Former Law School dean Daniel Fischel, ’77, once a student of Posner, credited the judge not just with pioneering law and economics, but also with fundamentally changing legal education. “No reputable law school can now offer a curriculum without courses in law and economics—because of Dick,” he observed.
Ashley Keller, JD/MBA ’07, a former Posner law clerk, described working with Posner as an intellectually formative experience. He reflected on the judge’s love for sparring with ideas, his kindness and tact, and his humility.
In video remarks played at the event, Professor Emeritus William M. Landes, Posner’s prolific co-author and close friend for nearly half a century, reflected on their scholarly partnership—and the truly joint nature of their work together. In a second video, Martha C. Nussbaum, the Ernst Freund Distinguished Service Professor of Law and Ethics, described Posner’s founding role in the law and literature movement. “Posner’s love of literature really influenced his judging, not only because he wrote beautifully … also with a biting wit and sarcasm … [but he also had] the capacity to see a human situation from all different sides,” Nussbaum said.
An Endowed Chair Lecture on Recent Trends in Legal Scholarship
The program culminated in a lecture from Miles, who accepted the challenge—and “tremendous, unimaginable honor”—of holding the Posner professorship. He chose his topic, an empirical analysis of certain aspects of legal research, in light of the tremendous scholarly influence of his chair’s namesake. “Even here I follow in [Posner’s] footsteps because he’s written a sizeable literature himself on the evolution of legal scholarship,” he quipped.

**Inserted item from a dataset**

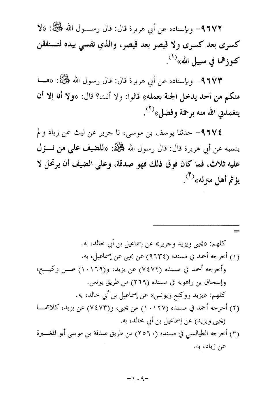 9672- وبإسناده , عَنْ أَبِي هُرَيْرَةَ رَضِيَ اللهُ عَنْهُ , قَالَ: قَالَ رَسُولُ اللهِ صَلَّى اللهُ عَلَيْهِ وَسَلَّمَ: لا كسى بعد كسرى ولا قيصر بعد قيصر وَالَّذِي نَفْسِي بِيَدِهِ لَتُنْفَقَنَّ كُنُوزُهُمَا فِي سَبِيلِ اللهِ عز وجل.

In his lecture, Miles explored how legal scholarship and its production have changed in recent years. Traditionally, legal scholarship has been a solo endeavor, but recent trends have reflected a rise in collaborative, empirical work in law and economics and a rise of co-authorships in legal scholarship more broadly, he noted.

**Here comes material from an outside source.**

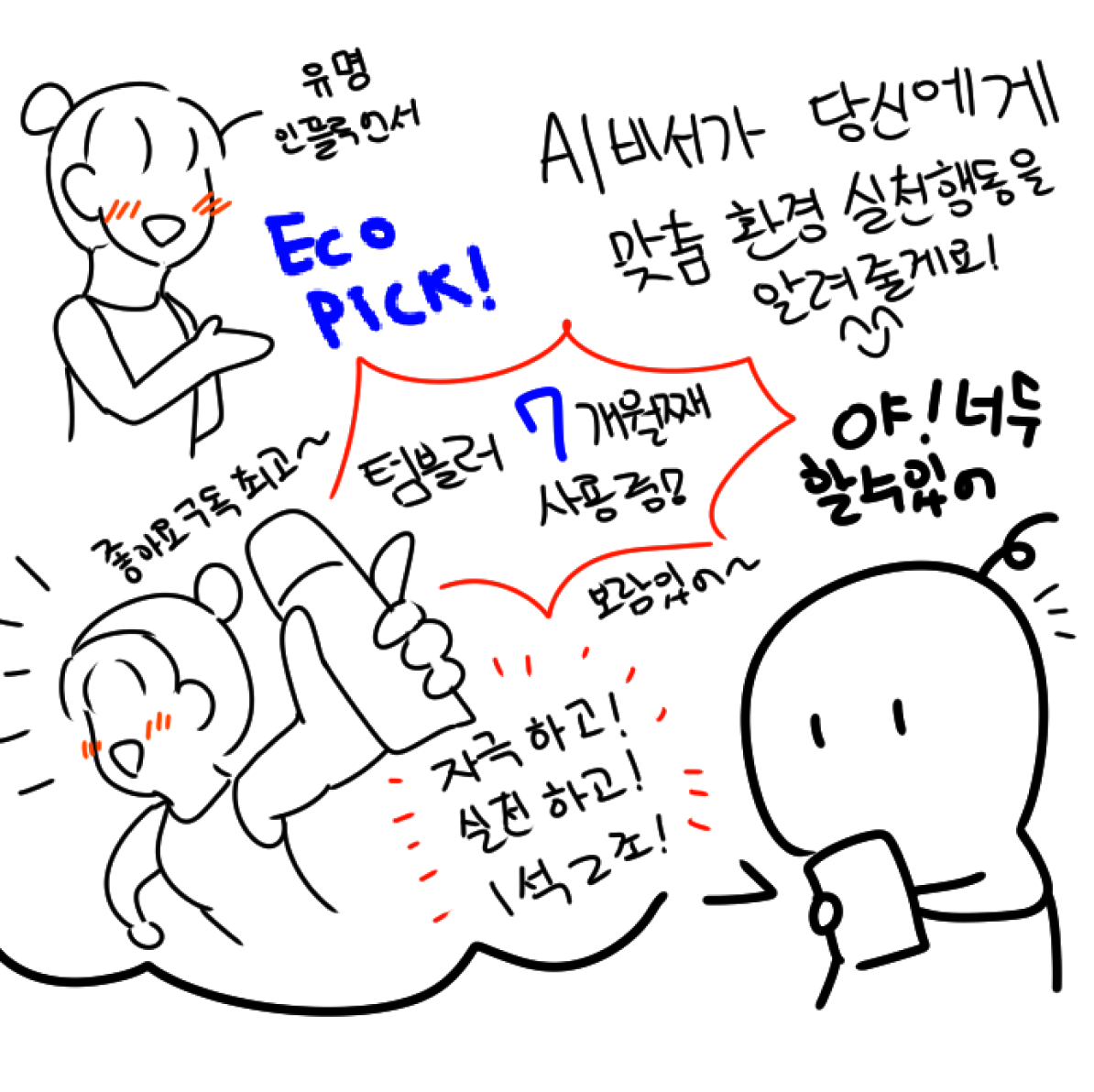 평소처럼 인스타그램에서 릴스를 넘겨보다 인플루언서가 찍은 에코픽 광고 릴스를 보게 된다. AI비서가 추천해주는 환경 보호 행동을 실천하고 즐겁게 환경 컨텐츠를 접하는 모습을 보면서 ‘에코픽’에 관심이 생겼다. - 행동:

A few possible explanations for this pattern of increased collaboration, which emerged in the 1990s, include the impact of computing and the internet, the maturity of intellectual fields—"It’s harder to make a contribution, so more inputs are required to make one”—and the rise of intellectual innovation in empirical analysis, he said.

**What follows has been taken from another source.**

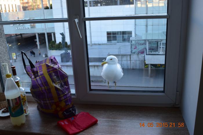 А вечером к нам в гости прилетел коренной житель, который живёт на крыше. Только в Стокгольме это Карлсон, а здесь баклан.

Miles turned to the Law School’s Journal of Legal Studies (founded by Posner) to highlight some of the changes. “There’s a tight relationship between co-authorship and technical work and a fairly dramatic shift in the content of the journal in a more technical direction,” Miles observed, sharing a graph of publication data over the last 30 years.
“Articles are longer, feature more references, and receive more citations, especially technical and co-authored pieces,” he said. He further added that within law review articles, co-authored pieces appear to have more influence than solo-authored ones, irrespective of the methodology being used.
“This change in scholarly production raises questions about how it compares to other changes within the legal system,” Miles said. “If we were to do a similar analysis of, for example, appellate decisions or the number of citations in appellate decisions, my intuition is that the trends would look quite similar to what is happening in legal scholarship.”
Looking to the future, Miles predicted that artificial intelligence and other technological advances would only raise the competition and therefore the standard of scholarship—and foster more teamwork. He emphasized the importance of academic communities that encourage free expression, rigorous debate, and collaborative research—as UChicago does—to inspire faculty to do the most pathbreaking work.
“Honoring great scholars who have changed entire paradigms, as we do today with the Richard Posner professorship, reaffirms the power of ideas and inspires current and future faculty to strive for scholarly excellence,” Miles concluded.